- _Your task_
Go through the entries and transcribe each one exactly, dropping the pictures.

- _Extracted information_

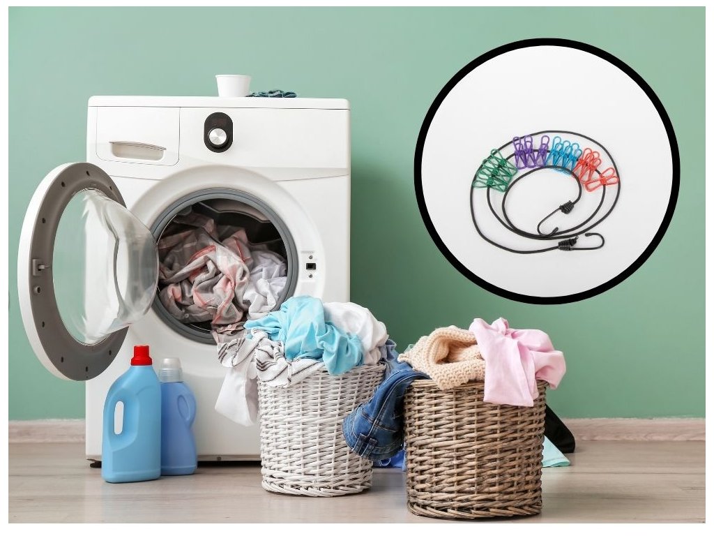 ELASTICKÉ LANO NA PRANÍ PRÁDLA S 12 KUSY PŘEZEK CESTOVNÍ KLIPY NA PRÁDLO
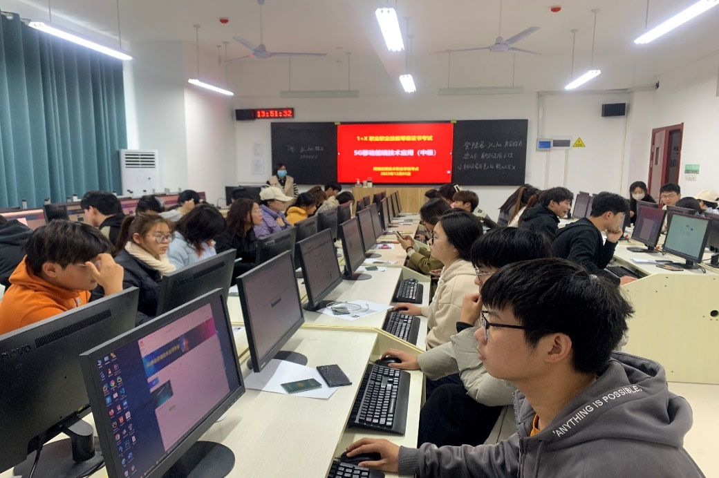 为深入贯彻落实《国家职业教育改革实施方案》,切实推进教育部“1+X证书制度”试点工作,改革创新人才培养和评价模式,提高育人质量。学校大力推行1+X证书制度,培养高素质技术技能型人才,在学校领导和相关部门的大力支持下,Beat365官方网站计算机应用技术专业多名教师取得了1+X证书培训教师证书及考评员资格证,并于2023年12月5日组织了第二批“1+X” 5G移动前端技术(中级)职业技能等级认证考试。
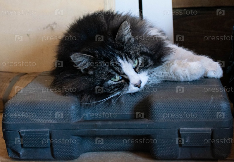 Кот разлегся на чемодане с шуруповертом
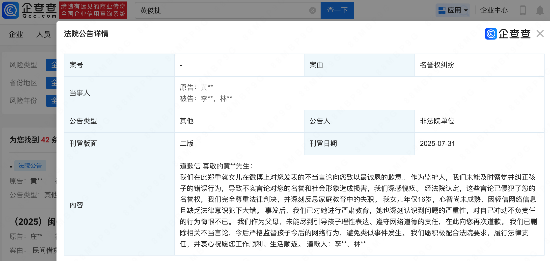 企查查APP显示,7月31日,法院刊登李某、林某向黄俊捷致歉声明。
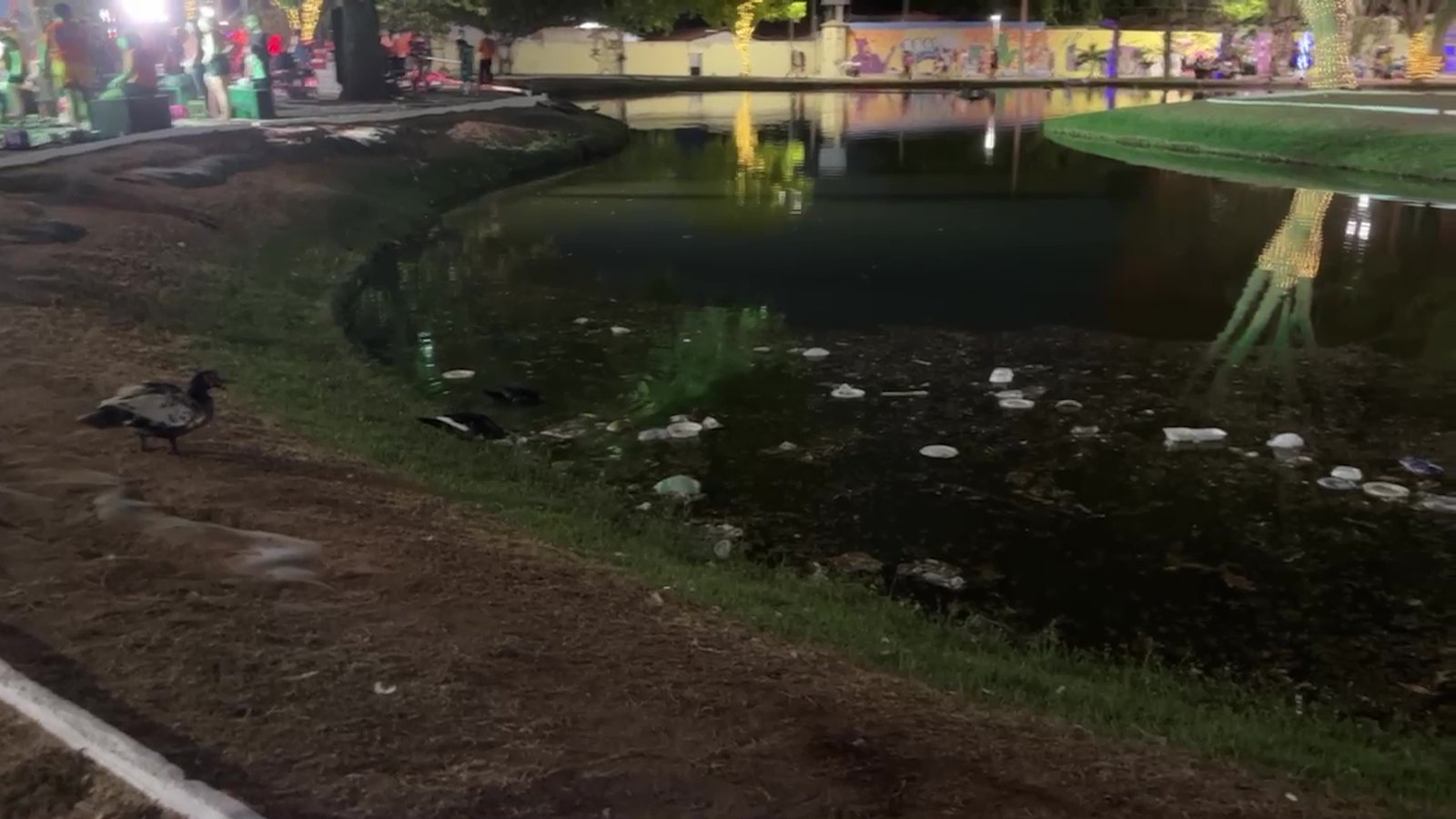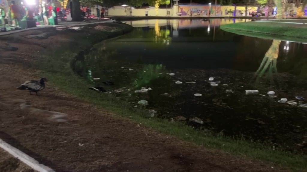 Um alerta de um telespectador do programa Bom Dia Piauí chamou a atenção para a situação da lagoa do Parque da Cidadania, um dos principais pontos de convivência de Teresina. Imagens gravadas na noite deste domingo (16) mostram o local repleto de lixo, o que está prejudicando os patos que vivem na lagoa.

- _Solution to this problem_
 ELASTICKÉ LANO NA PRANÍ PRÁDLA S 12 KUSY PŘEZEK CESTOVNÍ KLIPY NA PRÁDLO
 为深入贯彻落实《国家职业教育改革实施方案》,切实推进教育部“1+X证书制度”试点工作,改革创新人才培养和评价模式,提高育人质量。学校大力推行1+X证书制度,培养高素质技术技能型人才,在学校领导和相关部门的大力支持下,Beat365官方网站计算机应用技术专业多名教师取得了1+X证书培训教师证书及考评员资格证,并于2023年12月5日组织了第二批“1+X” 5G移动前端技术(中级)职业技能等级认证考试。
 Кот разлегся на чемодане с шуруповертом
 企查查APP显示,7月31日,法院刊登李某、林某向黄俊捷致歉声明。
 Um alerta de um telespectador do programa Bom Dia Piauí chamou a atenção para a situação da lagoa do Parque da Cidadania, um dos principais pontos de convivência de Teresina. Imagens gravadas na noite deste domingo (16) mostram o local repleto de lixo, o que está prejudicando os patos que vivem na lagoa.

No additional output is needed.